Parole board won’t spare Ohio mutilation killer
COLUMBUS, Ohio — The state parole board on Tuesday rejected a plea of mercy from a man who killed a woman and scattered her body parts, clearing the way for him to become the first person in the nation executed with the injection of a single drug.
Kenneth Biros’ execution, scheduled for next month, is temporarily on hold, but it could still proceed if a federal judge allows.
The parole board, which had twice previously rejected clemency for Biros, said it was sticking with its earlier recommendations against mercy.
“The brutality and violence exhibited in the offense outweigh the mitigating factors surrounding Mr. Biros’ life prior to the offense, and his adjustment to incarceration,” the board determined in its January 2007 ruling.
Biros killed 22-year-old Tami Engstrom near Warren in 1991 after he offered to drive her home from a bar. He acknowledges the slaying but says it was done during a drunken rage.
“He’s a murderous monster who committed one of the worst crimes that a human being can commit because he combines torture, rape, robbery, mutilation, dismemberment,” Dennis Watkins, prosecutor in Trumbull County where the slaying happened, said Tuesday.
“He is the poster person for the death penalty,” he said.
Messages left for Biros’ attorneys were not immediately returned. They argued at a hearing last week that Biros is remorseful, has grown spiritually in prison, has been a model inmate and had a negligible criminal history before the killing.
Executions in Ohio have been on hold since Sept. 15 when Gov. Ted Strickland stopped the execution of Rommel Broom after two hours when prison officials could not find a usable vein.
U.S. District Court Judge Gregory Frost last month delayed Biros’ Dec. 8 execution but left open the possibility it could happen if the state revised its execution procedures.
The Department of Rehabilitation and Correction announced Friday that it was eliminating the standard three-drug lethal cocktail, used in dozens of states, and instead would use a single, powerful dose of anesthetic. A backup method allows for the injection of two drugs directly into an inmate’s muscle.

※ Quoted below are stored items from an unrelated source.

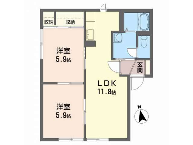 | 詳細間取 | 2LDK (洋5.9帖×2、LDK11.8帖) | ||
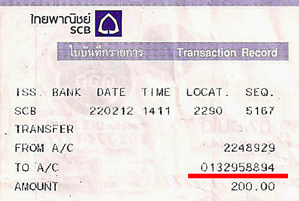 หลักฐานการโอนเงินครับ เชิญตรวจสอบครับ |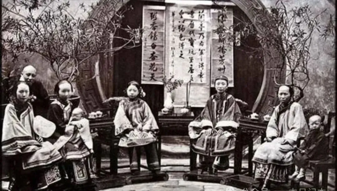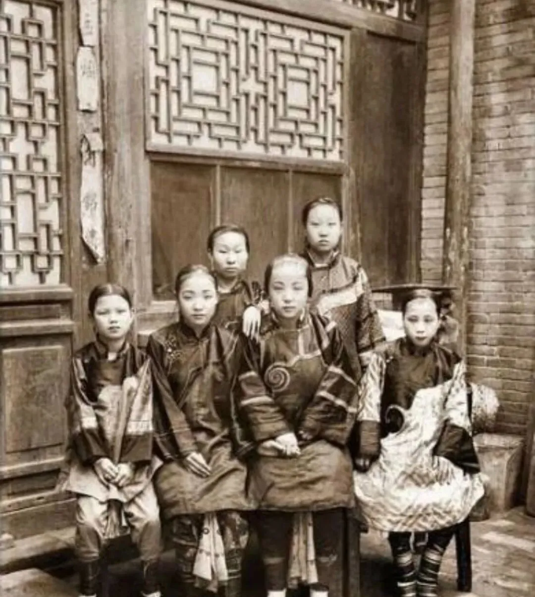 姑娘们一排排坐着,全都盘着层层叠叠的长袍,膝下全是缠脚的小鞋,一列下来半点不走样,衣裳鲜亮可笑容都压在嘴角里,外人看来风光,屋门一关满是规矩和桎梏,现在小姑娘看都觉得不可思议,那年月谁也不能有自己的主意。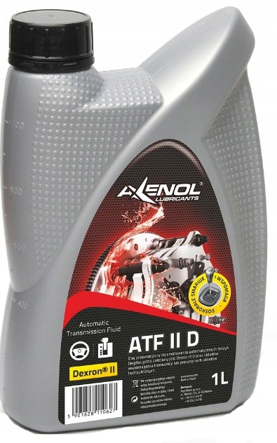 ATF II D do automatycznych przekładni samochodowych otrzymywany jest z rafinowanych destylatów ropy Ź naftowej uzupełnionych pakietem dodatków uszlachetniających o działaniu przeciwutleniającym, Ź przeciwkorozyjnym oraz poprawiającym własności smarne i odporność na pienienie, co gwarantuje spełnienie Ź wymagań stawianych w specyfikacjach zagranicznych i krajowych. Olej ATF II D wykazuje szereg zalet. To wysokiej jakości, mineralny olej ATF II D przeznaczony jest do Ź stosowania w automatycznych przekładniach samochodów osobowych, ciężarowych i autobusów, w których Ź producent zaleca stosowanie oleju typu Dexron; II D. Olej ATF II D zalecany jest również do stosowania w urządzeniach wspomagających układy kierownicze, w Ź sprzęgłach hydraulicznych samochodów osobowych i ciężarowych oraz w układach hydraulicznych wymagających Ź stosowania olejów typu ATF.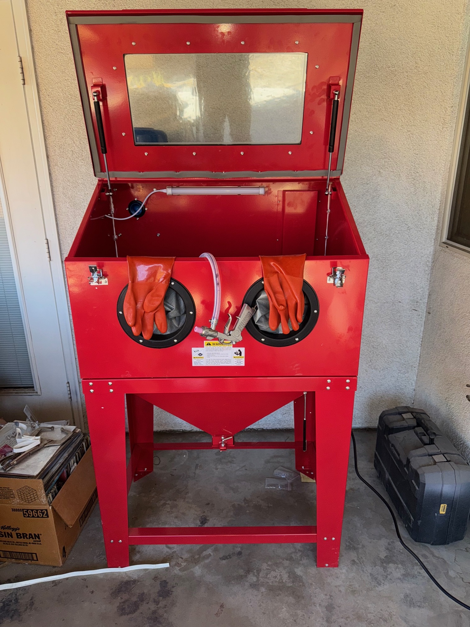 it is the beginning of the season here, so time to work outside. Engine /trans comes out then all the suspension. I have been dreading this because everything needs to be stripped for paint, and my hands hurt. With hundreds of sanding hours ahead I was surfing the web and came across an ad for a blast cabinet. $214.00 was the price with a gun on Temu. Ok must be tiny right, no, not really. 33" wide top loader that would fit a trailing arm and most everything else. I could not buy the metal to make it for that sooo:
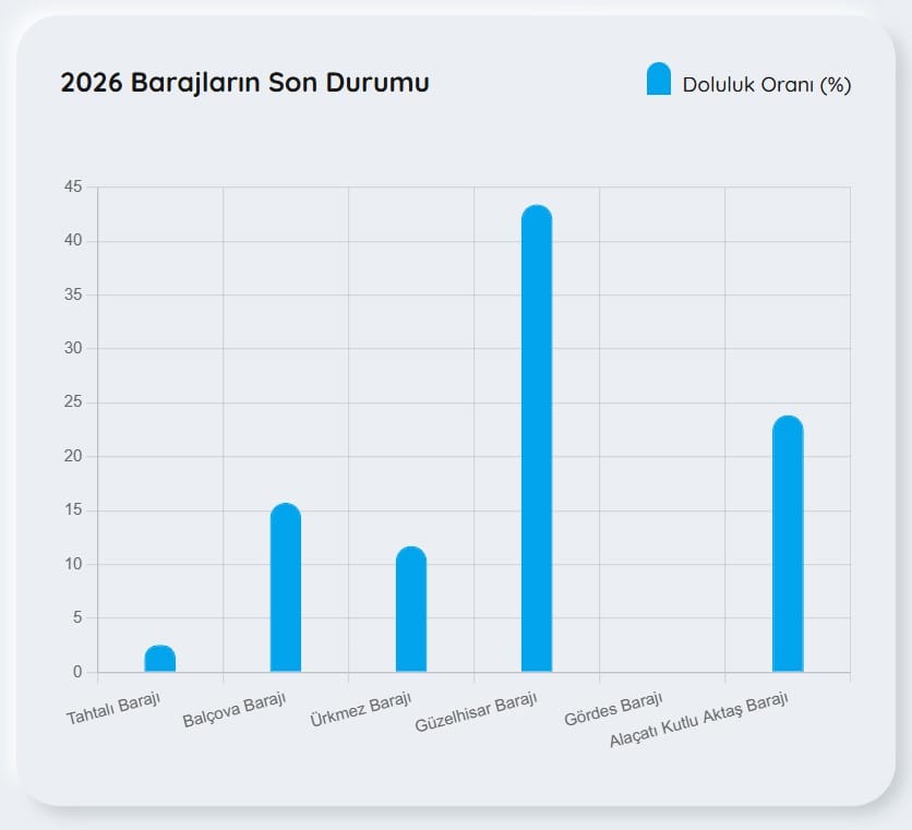 İZMİR BARAJLARINDA KRİTİK TABLOİzmir’de barajlar arasında en yüksek doluluk Güzelhisar’da görülürken, en düşük seviye Tahtalı’da kaydedildi. Ürkmez ve Balçova gibi kritik su kaynaklarında ise toparlanma sınırlı düzeyde seyrederken, Alaçatı Kutlu Aktaş orta seviyelerde yer aldı.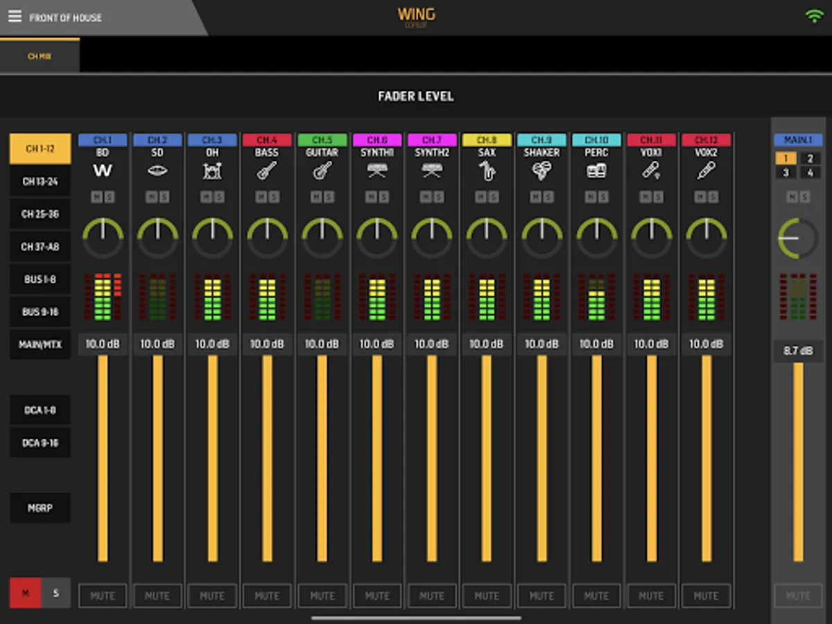 Up to 4 MCAs can be given a descriptive name for the associated group of channels, and a color can be selected for additional clarity. Once the channel assignments are made, the MCA sliders can be used to increase or decrease the level of all associated channels at once.

The state says the new policy accomplishes two things: ends a long-running constitutional challenge that holds that the current three-drug system could cause severe pain, and creates a method to avoid situations such as the botched Broom execution.
It planned to have the full policy in place in time for the Biros’ execution.
Biros and Engstrom met after work in 1991 at a tavern in Masury in northeast Ohio. Police believed she fled his advances, perhaps ran from his car and fell or was struck or was strangled when Biros tried to quiet her.
A search based on Biros’ information led to body parts that had been buried, and some dug up and reburied, near Masury and in adjacent areas in northwest Pennsylvania.